🤖 AI Summary
This work addresses the limited capacity of current language agents to recall and reason over interactive histories with contextual richness, as prevailing memory systems predominantly emphasize semantic memory while neglecting the temporal and spatial context of events and lack explicit modeling. To bridge this gap, the authors propose REMem, a novel framework that formally articulates the challenge of episodic memory in language agents for the first time. REMem introduces a two-stage architecture: offline, it constructs a hybrid memory graph integrating time-aware summaries and factual details; online, it employs a tool-augmented, intelligent retriever to perform iterative reasoning over this graph. Evaluated across four benchmarks, REMem significantly outperforms Mem0 and HippoRAG 2, achieving accuracy gains of 3.4% and 13.4% on episodic recall and reasoning tasks, respectively, while also demonstrating enhanced robustness in rejecting unanswerable queries.
📝 Abstract
Humans excel at remembering concrete experiences along spatiotemporal contexts and performing reasoning across those events, i.e., the capacity for episodic memory.
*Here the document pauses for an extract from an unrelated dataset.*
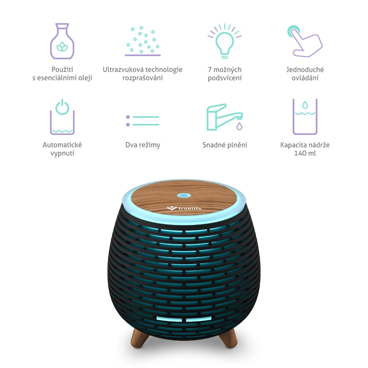 Stačí chvilka a difuzér TrueLife promění vzduch v místnosti, zvlhčí jej a případně naplní příjemnou vůní esenciálního oleje pomocí technologie OilFlow®. Zároveň však umí vytvořit jedinečnou atmosféru díky podsvícení, kde si máte možnost zvolit až ze 7 barevných variant.

In contrast, memory in language agents remains mainly semantic, and current agents are not yet capable of effectively recollecting and reasoning over interaction histories. We identify and formalize the core challenges of episodic recollection and reasoning from this gap, and observe that existing work often overlooks episodicity, lacks explicit event modeling, or overemphasizes simple retrieval rather than complex reasoning. We present REMem, a two-phase framework for constructing and reasoning with episodic memory: 1) Offline indexing, where REMem converts experiences into a hybrid memory graph that flexibly links time-aware gists and facts. 2) Online inference, where REMem employs an agentic retriever with carefully curated tools for iterative retrieval over the memory graph. Comprehensive evaluation across four episodic memory benchmarks shows that REMem substantially outperforms state-of-the-art memory systems such as Mem0 and HippoRAG 2, showing 3.4% and 13.4% absolute improvements on episodic recollection and reasoning tasks, respectively. Moreover, REMem also demonstrates more robust refusal behavior for unanswerable questions.